- **Work to complete**: Print each entry precisely; exclude the pictures.

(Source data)

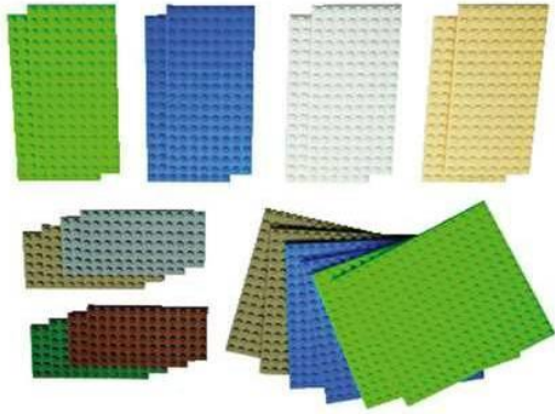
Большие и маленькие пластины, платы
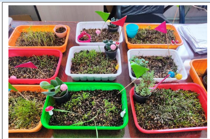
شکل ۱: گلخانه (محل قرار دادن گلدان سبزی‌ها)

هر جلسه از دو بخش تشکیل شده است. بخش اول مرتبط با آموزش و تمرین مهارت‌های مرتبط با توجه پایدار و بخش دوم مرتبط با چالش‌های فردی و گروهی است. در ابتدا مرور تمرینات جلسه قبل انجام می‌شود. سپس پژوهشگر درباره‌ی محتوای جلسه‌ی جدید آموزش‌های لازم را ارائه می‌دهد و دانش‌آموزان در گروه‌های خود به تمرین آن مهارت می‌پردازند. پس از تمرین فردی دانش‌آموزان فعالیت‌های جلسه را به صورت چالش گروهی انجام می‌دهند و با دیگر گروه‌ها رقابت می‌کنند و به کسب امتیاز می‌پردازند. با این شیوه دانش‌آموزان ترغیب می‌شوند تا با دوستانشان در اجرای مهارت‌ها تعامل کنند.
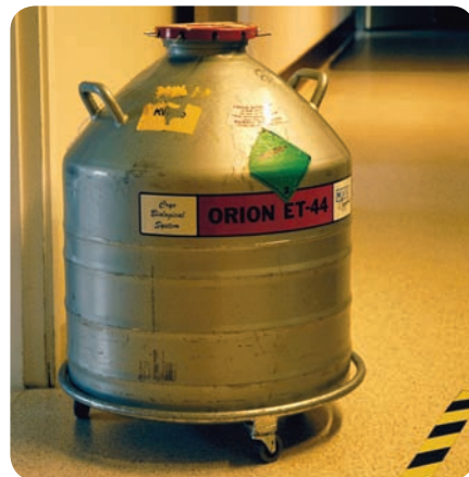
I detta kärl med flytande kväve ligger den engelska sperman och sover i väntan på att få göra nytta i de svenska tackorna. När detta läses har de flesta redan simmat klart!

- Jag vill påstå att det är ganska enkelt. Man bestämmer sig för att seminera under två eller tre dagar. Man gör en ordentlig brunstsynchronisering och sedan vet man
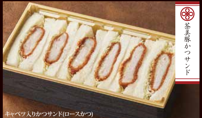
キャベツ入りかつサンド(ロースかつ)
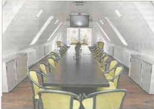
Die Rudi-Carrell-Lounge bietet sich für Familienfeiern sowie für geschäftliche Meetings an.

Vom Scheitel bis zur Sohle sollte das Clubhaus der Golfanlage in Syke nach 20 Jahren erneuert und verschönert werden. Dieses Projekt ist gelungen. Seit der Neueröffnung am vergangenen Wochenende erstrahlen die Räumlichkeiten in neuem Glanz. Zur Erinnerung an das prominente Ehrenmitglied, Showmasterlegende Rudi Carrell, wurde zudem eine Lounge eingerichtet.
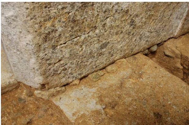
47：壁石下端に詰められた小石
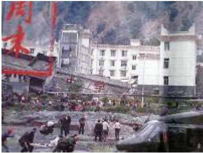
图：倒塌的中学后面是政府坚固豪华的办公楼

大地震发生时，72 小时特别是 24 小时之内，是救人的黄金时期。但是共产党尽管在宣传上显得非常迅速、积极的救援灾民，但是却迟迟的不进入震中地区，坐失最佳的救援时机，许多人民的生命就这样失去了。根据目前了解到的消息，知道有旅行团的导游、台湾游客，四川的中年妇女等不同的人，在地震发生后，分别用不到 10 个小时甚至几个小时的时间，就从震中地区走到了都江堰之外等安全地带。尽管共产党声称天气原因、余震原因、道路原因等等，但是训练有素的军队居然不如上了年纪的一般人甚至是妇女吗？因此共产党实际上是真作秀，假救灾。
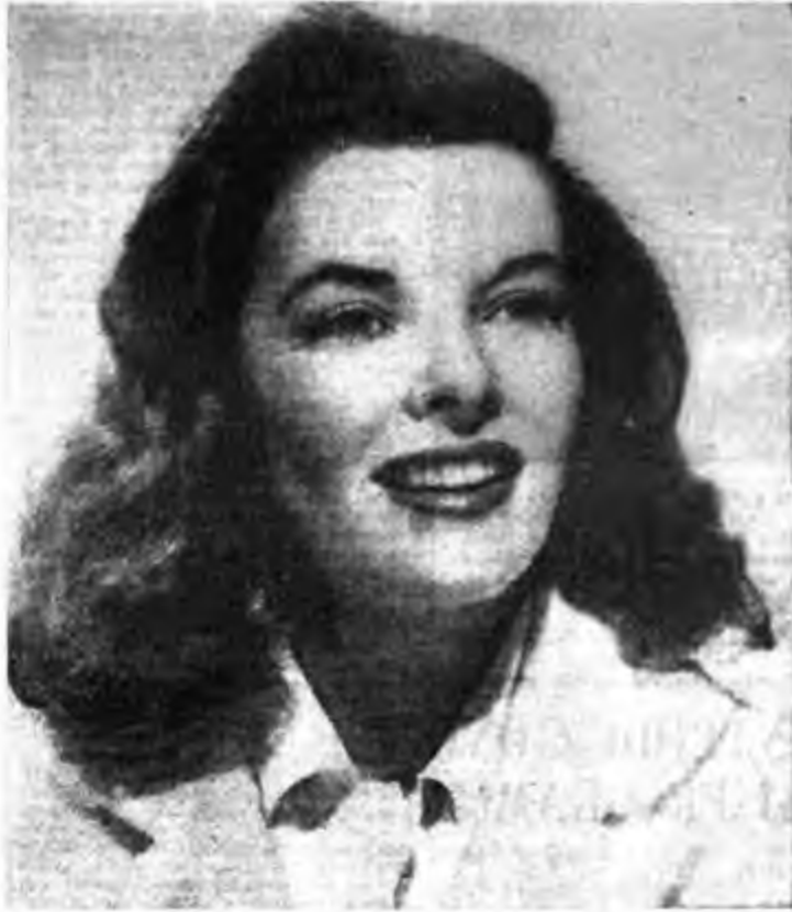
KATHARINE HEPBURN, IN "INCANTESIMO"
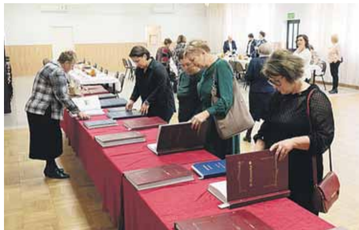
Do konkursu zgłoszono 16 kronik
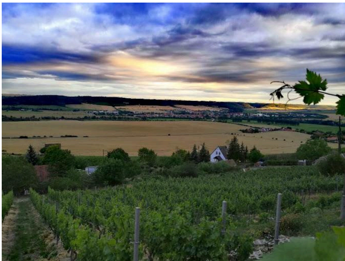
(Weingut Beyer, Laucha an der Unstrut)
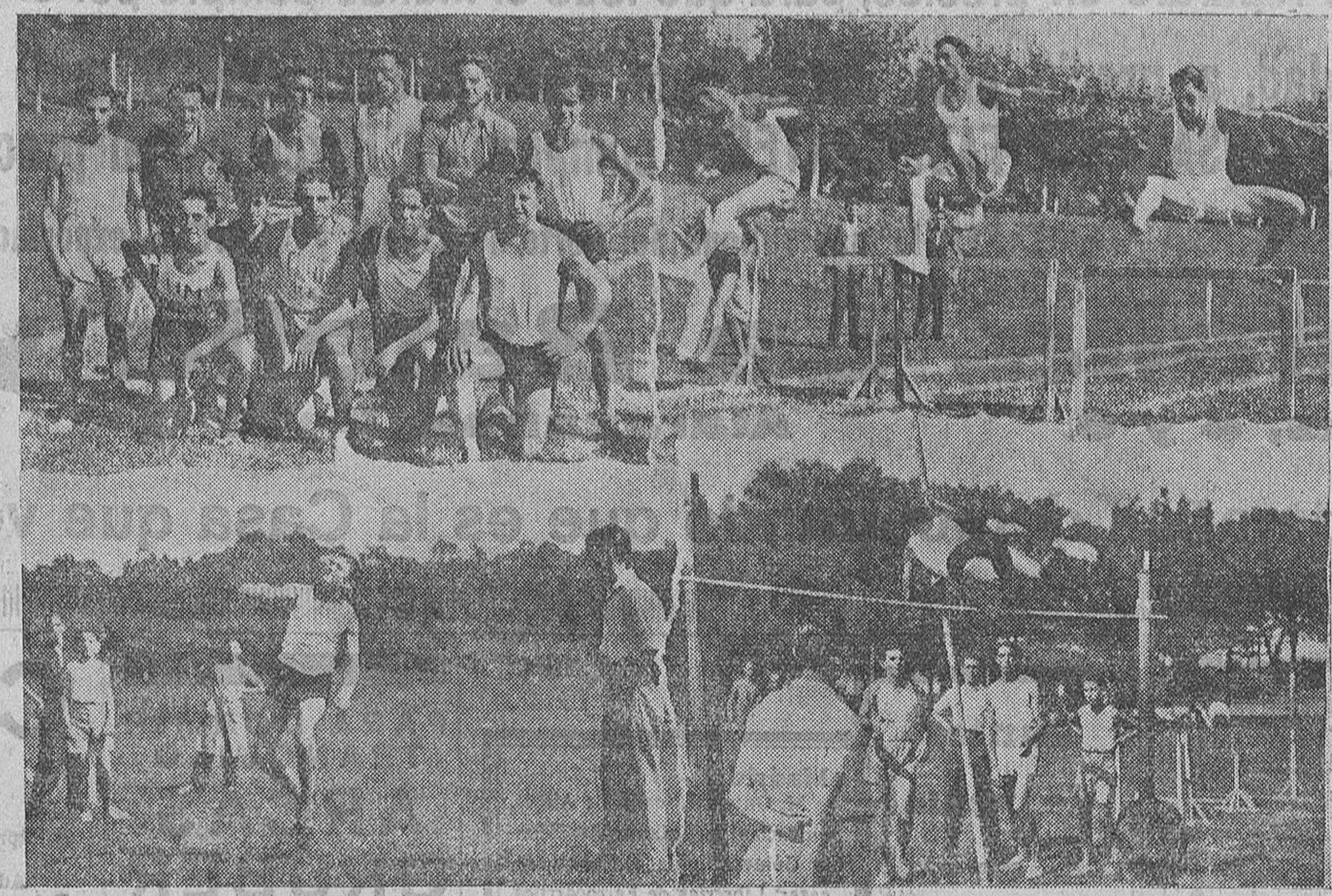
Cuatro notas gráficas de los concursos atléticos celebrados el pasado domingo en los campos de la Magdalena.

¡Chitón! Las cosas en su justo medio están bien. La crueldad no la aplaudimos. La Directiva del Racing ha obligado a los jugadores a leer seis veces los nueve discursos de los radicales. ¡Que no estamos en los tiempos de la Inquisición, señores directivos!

- **Result of this task**:
Большие и маленькие пластины, платы
شکل ۱: گلخانه (محل قرار دادن گلدان سبزی‌ها)

هر جلسه از دو بخش تشکیل شده است. بخش اول مرتبط با آموزش و تمرین مهارت‌های مرتبط با توجه پایدار و بخش دوم مرتبط با چالش‌های فردی و گروهی است. در ابتدا مرور تمرینات جلسه قبل انجام می‌شود. سپس پژوهشگر درباره‌ی محتوای جلسه‌ی جدید آموزش‌های لازم را ارائه می‌دهد و دانش‌آموزان در گروه‌های خود به تمرین آن مهارت می‌پردازند. پس از تمرین فردی دانش‌آموزان فعالیت‌های جلسه را به صورت چالش گروهی انجام می‌دهند و با دیگر گروه‌ها رقابت می‌کنند و به کسب امتیاز می‌پردازند. با این شیوه دانش‌آموزان ترغیب می‌شوند تا با دوستانشان در اجرای مهارت‌ها تعامل کنند.
I detta kärl med flytande kväve ligger den engelska sperman och sover i väntan på att få göra nytta i de svenska tackorna. När detta läses har de flesta redan simmat klart!

- Jag vill påstå att det är ganska enkelt. Man bestämmer sig för att seminera under två eller tre dagar. Man gör en ordentlig brunstsynchronisering och sedan vet man
キャベツ入りかつサンド(ロースかつ)
Die Rudi-Carrell-Lounge bietet sich für Familienfeiern sowie für geschäftliche Meetings an.

Vom Scheitel bis zur Sohle sollte das Clubhaus der Golfanlage in Syke nach 20 Jahren erneuert und verschönert werden. Dieses Projekt ist gelungen. Seit der Neueröffnung am vergangenen Wochenende erstrahlen die Räumlichkeiten in neuem Glanz. Zur Erinnerung an das prominente Ehrenmitglied, Showmasterlegende Rudi Carrell, wurde zudem eine Lounge eingerichtet.
47：壁石下端に詰められた小石
图：倒塌的中学后面是政府坚固豪华的办公楼

大地震发生时，72 小时特别是 24 小时之内，是救人的黄金时期。但是共产党尽管在宣传上显得非常迅速、积极的救援灾民，但是却迟迟的不进入震中地区，坐失最佳的救援时机，许多人民的生命就这样失去了。根据目前了解到的消息，知道有旅行团的导游、台湾游客，四川的中年妇女等不同的人，在地震发生后，分别用不到 10 个小时甚至几个小时的时间，就从震中地区走到了都江堰之外等安全地带。尽管共产党声称天气原因、余震原因、道路原因等等，但是训练有素的军队居然不如上了年纪的一般人甚至是妇女吗？因此共产党实际上是真作秀，假救灾。
KATHARINE HEPBURN, IN "INCANTESIMO"
Do konkursu zgłoszono 16 kronik
(Weingut Beyer, Laucha an der Unstrut)
Cuatro notas gráficas de los concursos atléticos celebrados el pasado domingo en los campos de la Magdalena.

¡Chitón! Las cosas en su justo medio están bien. La crueldad no la aplaudimos. La Directiva del Racing ha obligado a los jugadores a leer seis veces los nueve discursos de los radicales. ¡Que no estamos en los tiempos de la Inquisición, señores directivos!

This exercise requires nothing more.